Your task:
Print the lines of the listing below verbatim from its first line through the line bearing "记者注意到,去年锡商银行、江". Any pictures are to be omitted.

Exercise data:
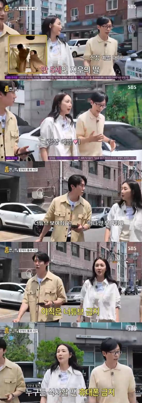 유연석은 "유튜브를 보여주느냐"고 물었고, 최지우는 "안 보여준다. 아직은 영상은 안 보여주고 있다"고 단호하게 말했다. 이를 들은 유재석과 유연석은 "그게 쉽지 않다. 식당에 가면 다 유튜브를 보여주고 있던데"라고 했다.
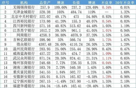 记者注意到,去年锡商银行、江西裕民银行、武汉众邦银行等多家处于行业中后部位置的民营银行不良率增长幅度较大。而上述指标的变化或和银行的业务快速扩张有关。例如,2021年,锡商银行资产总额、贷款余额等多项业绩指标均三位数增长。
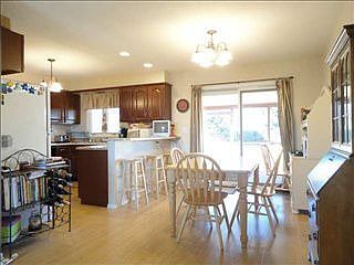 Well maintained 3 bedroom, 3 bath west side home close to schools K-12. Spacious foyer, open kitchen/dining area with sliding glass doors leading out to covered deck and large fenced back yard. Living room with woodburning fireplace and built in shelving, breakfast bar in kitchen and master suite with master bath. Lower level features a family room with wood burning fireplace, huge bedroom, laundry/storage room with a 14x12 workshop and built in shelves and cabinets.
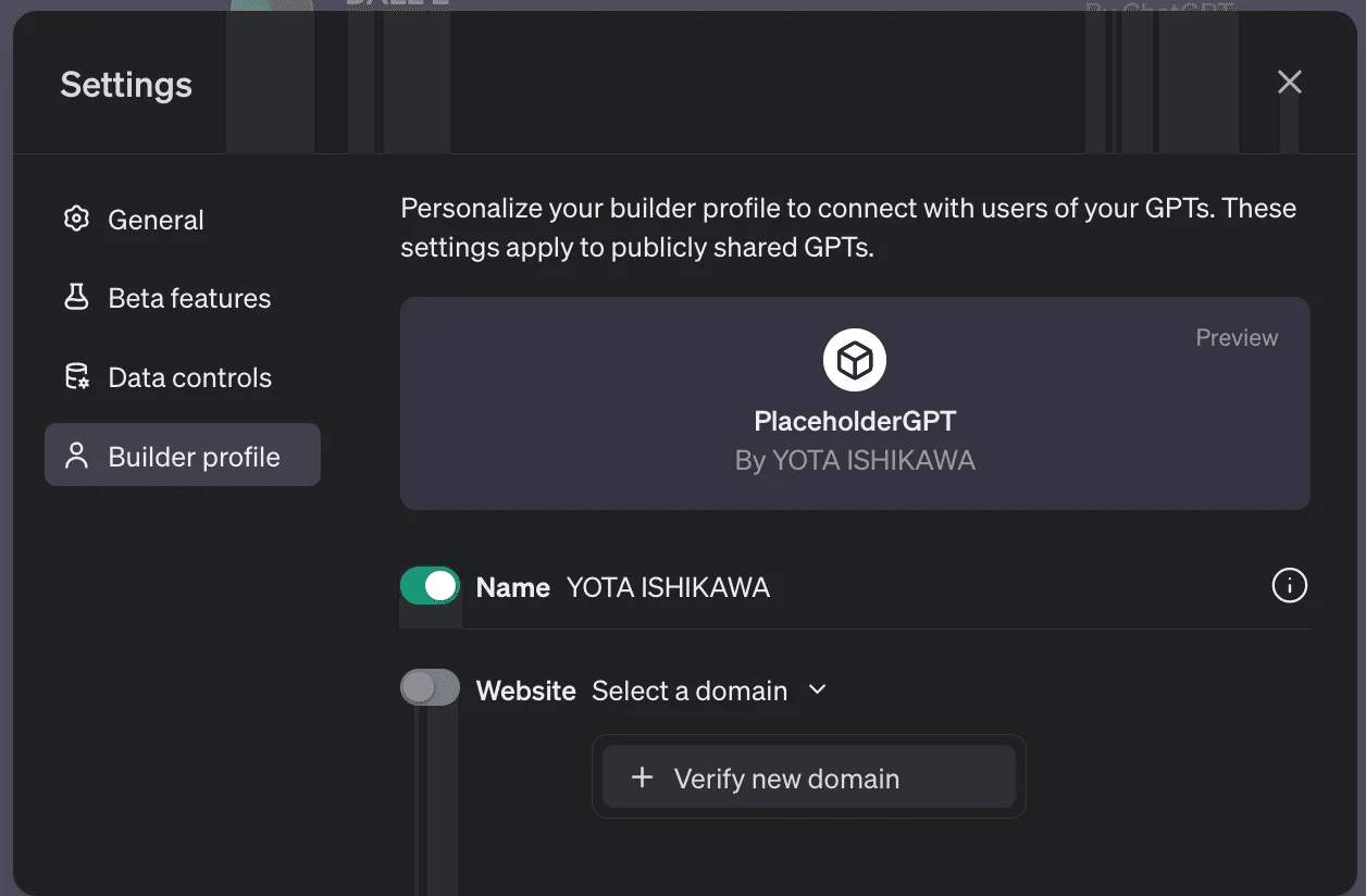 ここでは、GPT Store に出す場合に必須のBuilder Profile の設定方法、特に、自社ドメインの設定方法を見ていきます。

Result:
 유연석은 "유튜브를 보여주느냐"고 물었고, 최지우는 "안 보여준다. 아직은 영상은 안 보여주고 있다"고 단호하게 말했다. 이를 들은 유재석과 유연석은 "그게 쉽지 않다. 식당에 가면 다 유튜브를 보여주고 있던데"라고 했다.
 记者注意到,去年锡商银行、江西裕民银行、武汉众邦银行等多家处于行业中后部位置的民营银行不良率增长幅度较大。而上述指标的变化或和银行的业务快速扩张有关。例如,2021年,锡商银行资产总额、贷款余额等多项业绩指标均三位数增长。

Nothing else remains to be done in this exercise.